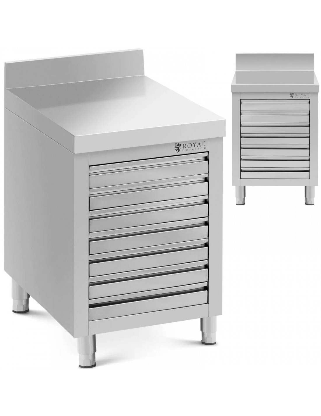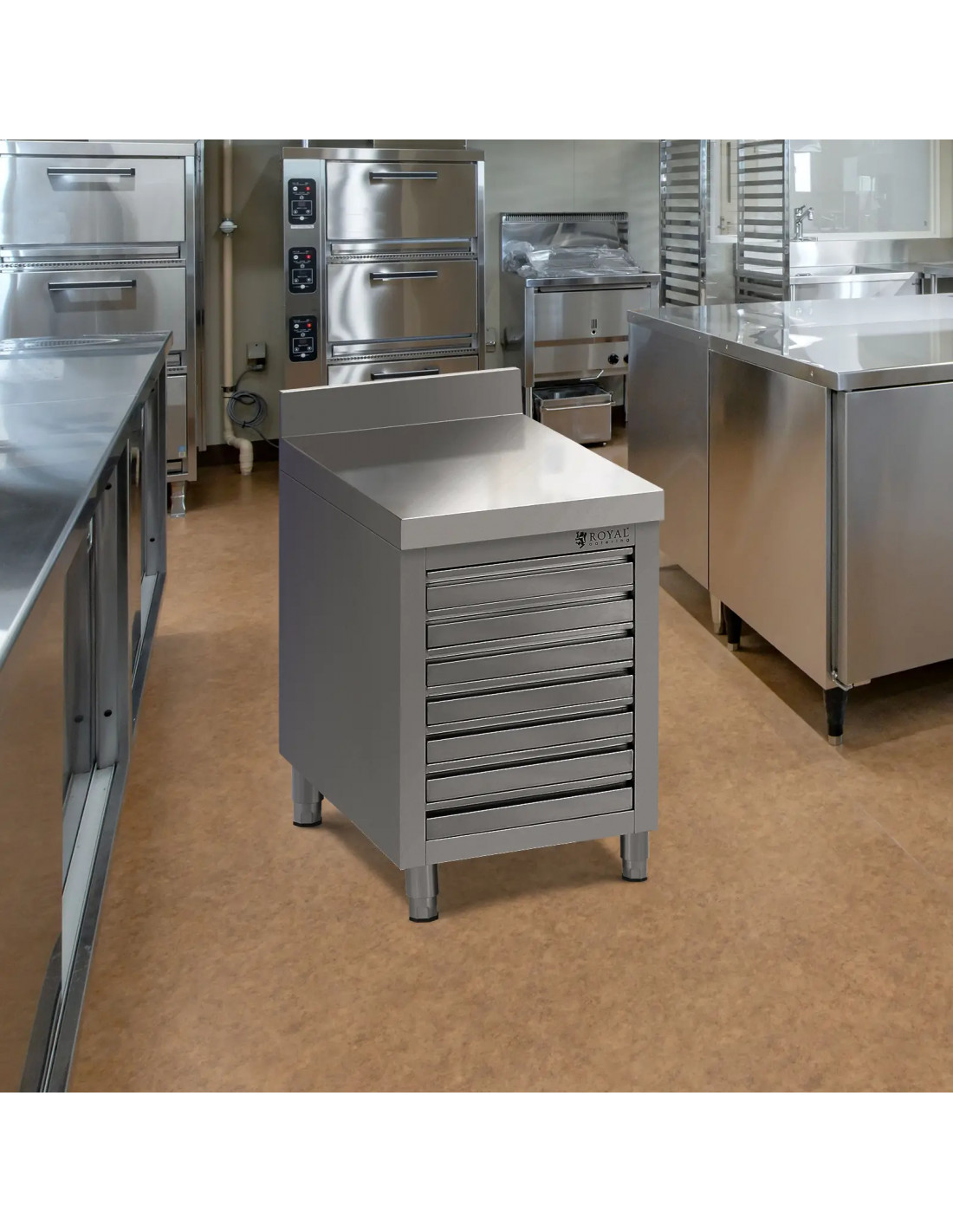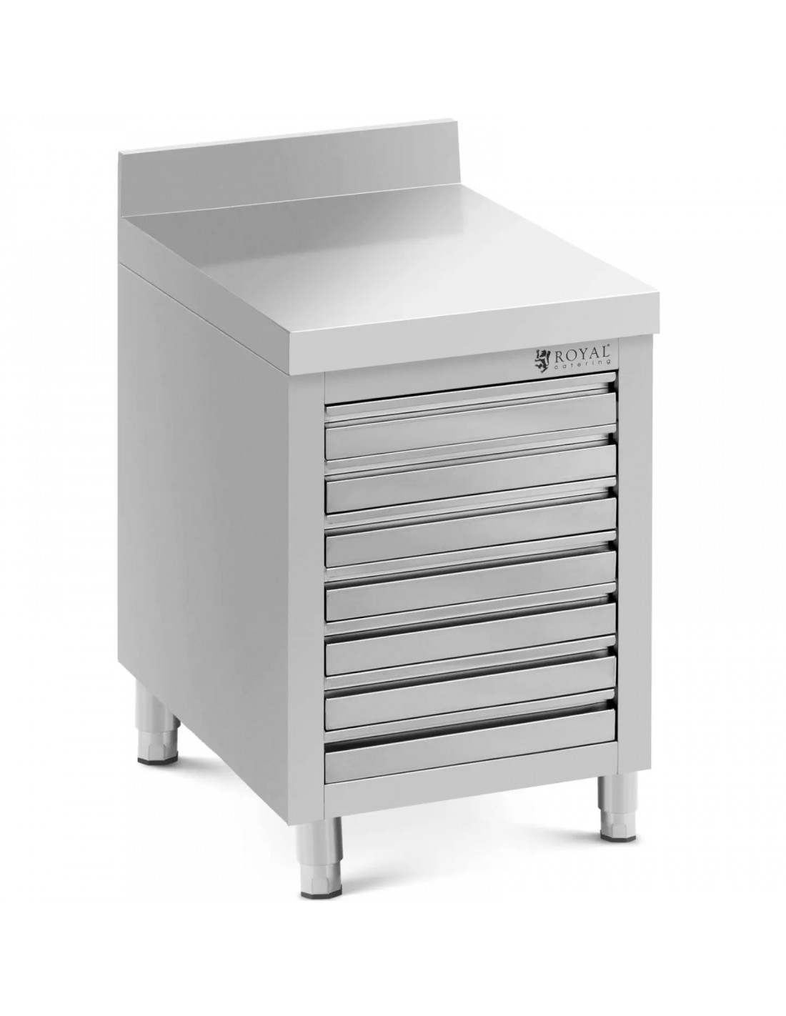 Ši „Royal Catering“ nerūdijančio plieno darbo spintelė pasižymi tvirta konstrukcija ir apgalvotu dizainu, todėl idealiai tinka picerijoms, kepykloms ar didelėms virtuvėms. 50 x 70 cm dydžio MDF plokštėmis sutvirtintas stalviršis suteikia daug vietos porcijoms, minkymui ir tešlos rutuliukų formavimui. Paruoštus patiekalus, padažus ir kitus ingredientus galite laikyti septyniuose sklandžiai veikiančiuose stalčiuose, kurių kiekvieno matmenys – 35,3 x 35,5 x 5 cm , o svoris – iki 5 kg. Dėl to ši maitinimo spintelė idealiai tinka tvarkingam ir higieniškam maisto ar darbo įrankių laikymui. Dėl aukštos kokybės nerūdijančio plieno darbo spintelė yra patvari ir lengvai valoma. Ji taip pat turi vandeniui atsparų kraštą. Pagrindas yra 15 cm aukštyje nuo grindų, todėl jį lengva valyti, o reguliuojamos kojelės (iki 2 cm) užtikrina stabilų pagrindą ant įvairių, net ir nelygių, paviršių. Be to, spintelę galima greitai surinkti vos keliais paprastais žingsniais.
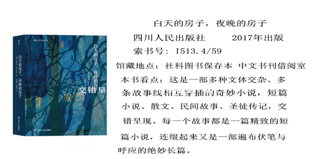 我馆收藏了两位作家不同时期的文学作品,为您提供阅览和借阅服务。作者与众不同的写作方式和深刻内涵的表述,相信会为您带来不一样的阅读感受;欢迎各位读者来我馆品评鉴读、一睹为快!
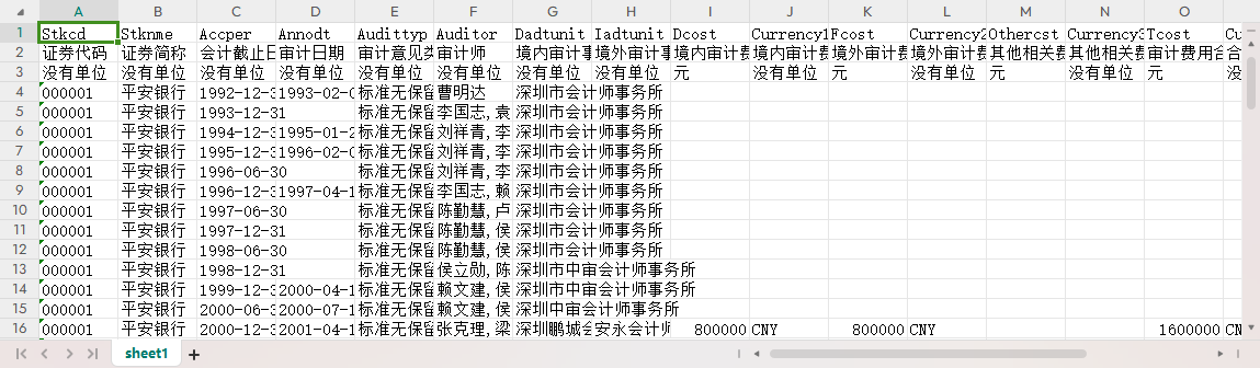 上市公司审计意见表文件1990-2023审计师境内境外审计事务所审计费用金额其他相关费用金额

==

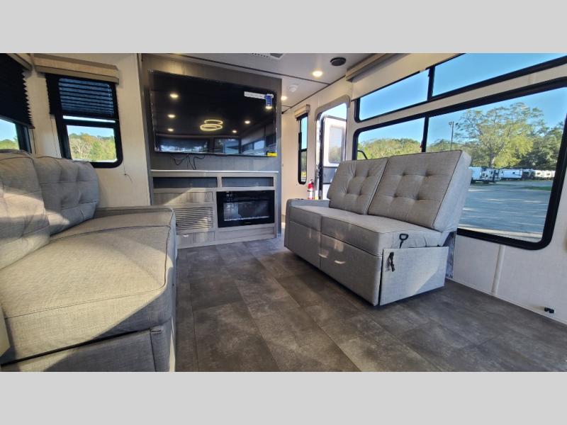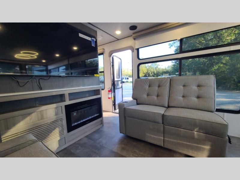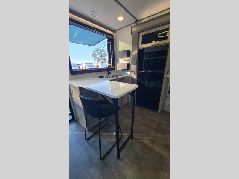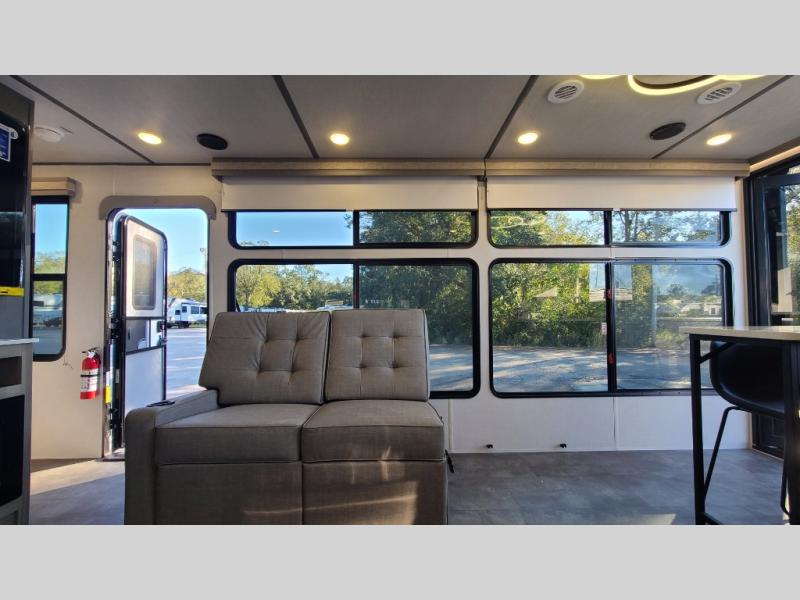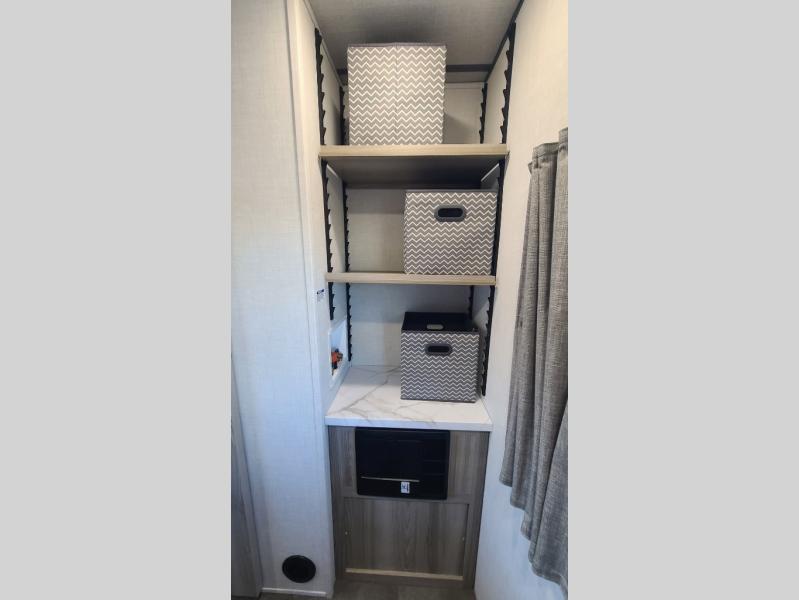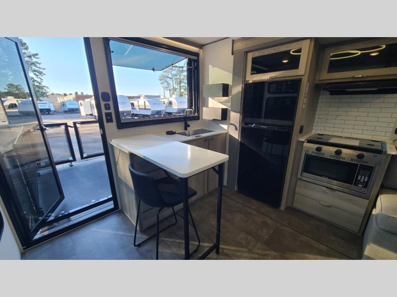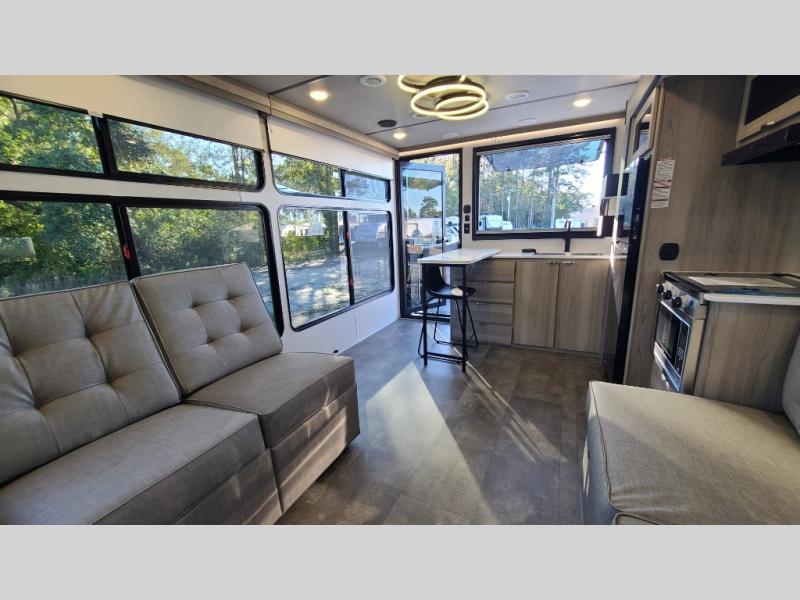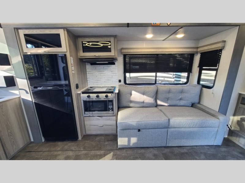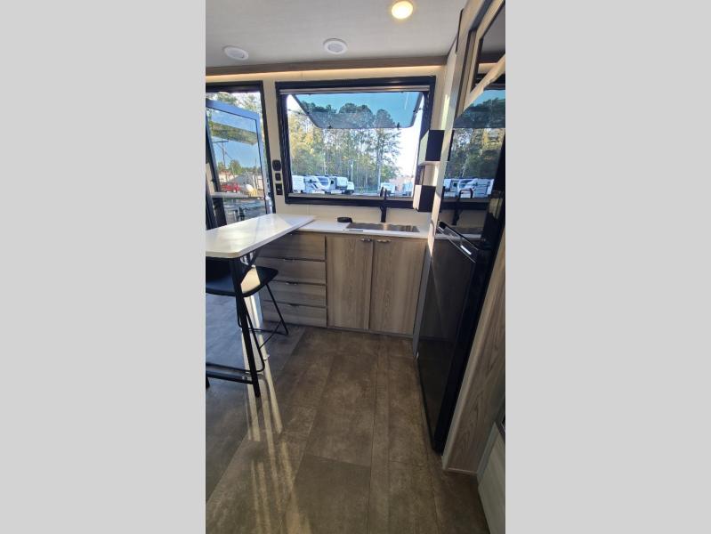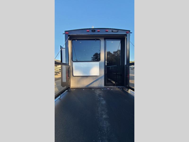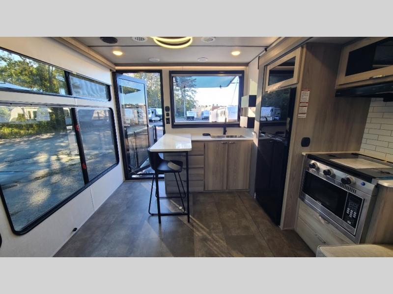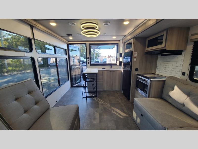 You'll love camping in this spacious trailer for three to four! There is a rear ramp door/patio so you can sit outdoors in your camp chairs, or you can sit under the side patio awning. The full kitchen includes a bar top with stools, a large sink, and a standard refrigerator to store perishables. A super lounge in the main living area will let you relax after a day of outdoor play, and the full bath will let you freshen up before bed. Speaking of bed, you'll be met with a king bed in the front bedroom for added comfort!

--

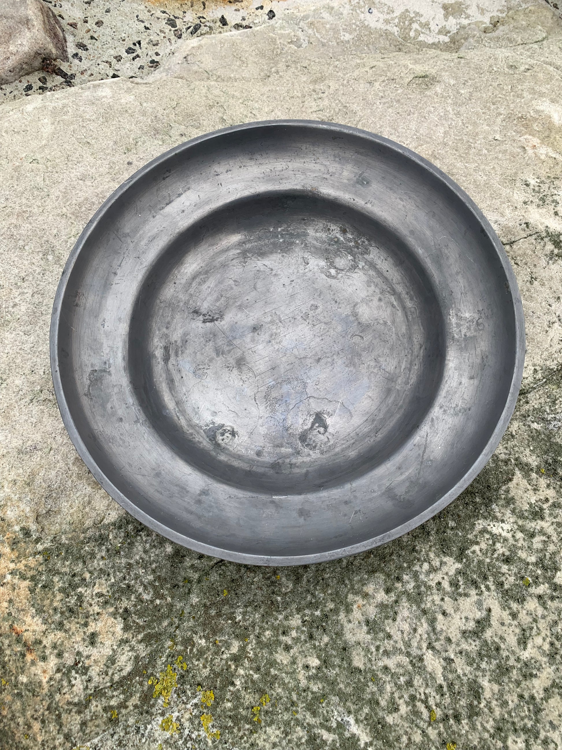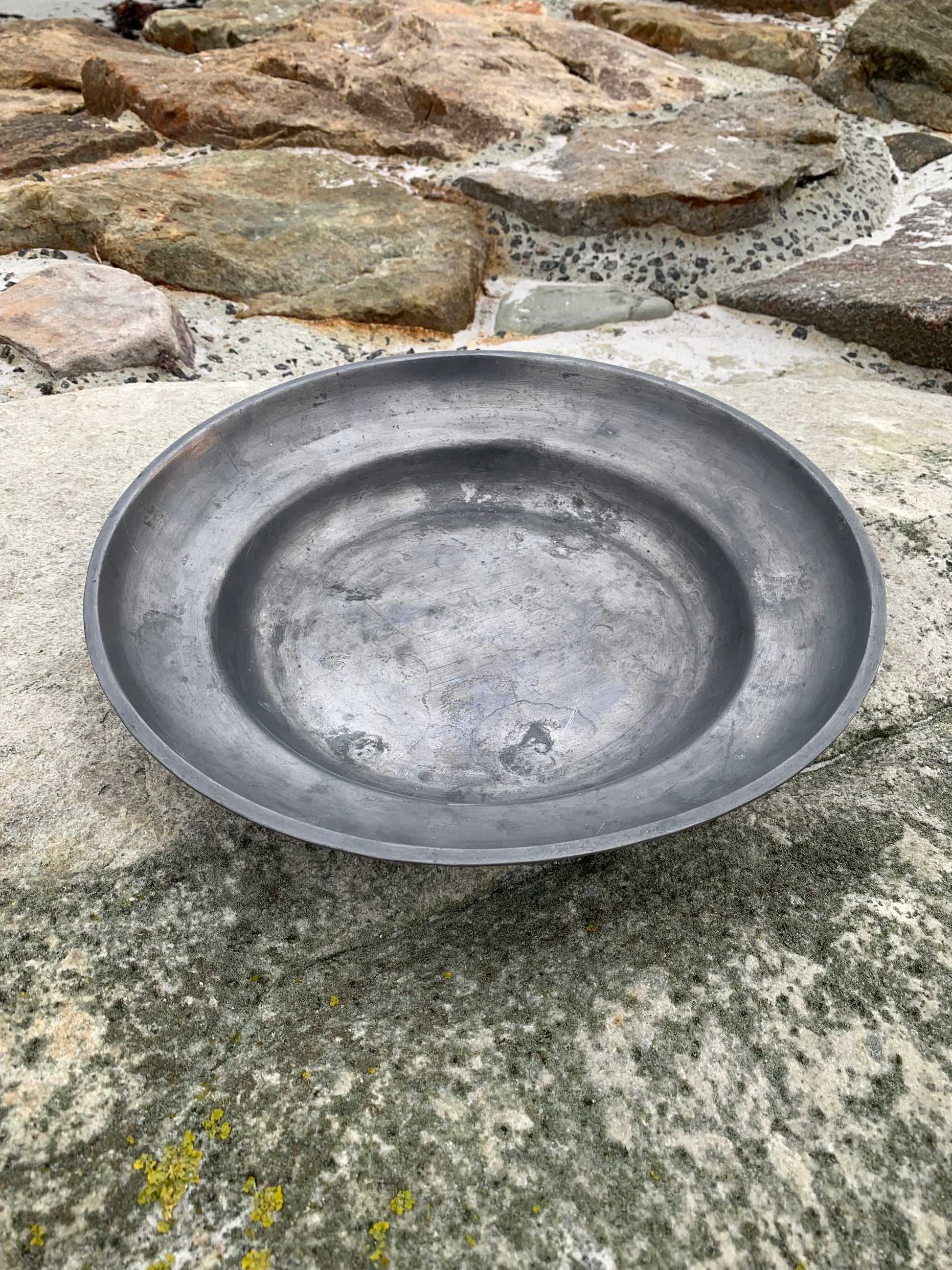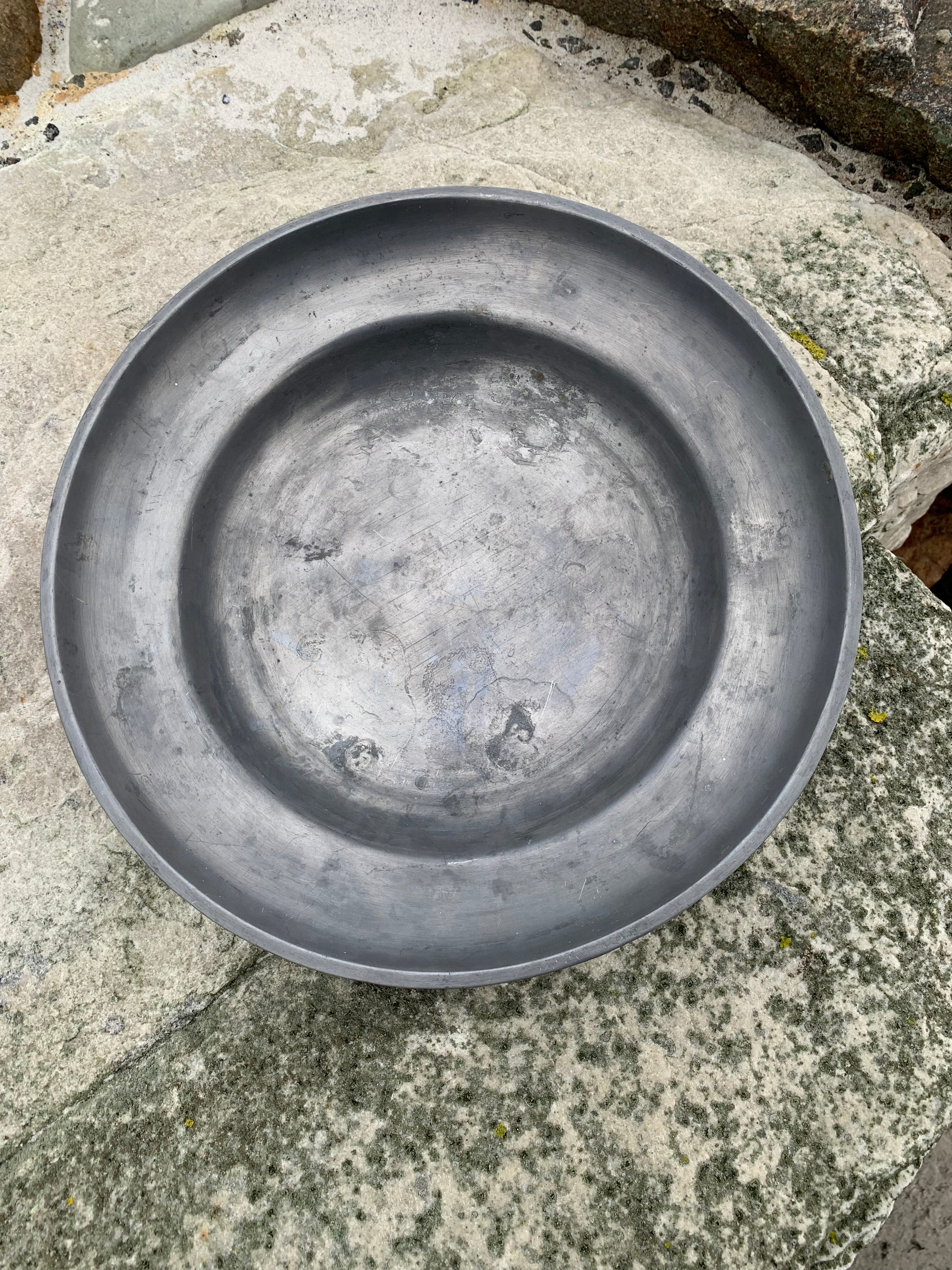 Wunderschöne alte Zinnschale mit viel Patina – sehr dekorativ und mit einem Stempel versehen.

# WHAT NEEDS TO BE DONE
Within the listing above, the stretch from the line with "我馆收藏了两位作家不同时期的" down to the line with "上市公司审计意见表文件199" is to be given again exactly, end lines included and pictures excluded.

# WRITTEN ANSWER
 我馆收藏了两位作家不同时期的文学作品,为您提供阅览和借阅服务。作者与众不同的写作方式和深刻内涵的表述,相信会为您带来不一样的阅读感受;欢迎各位读者来我馆品评鉴读、一睹为快!
 上市公司审计意见表文件1990-2023审计师境内境外审计事务所审计费用金额其他相关费用金额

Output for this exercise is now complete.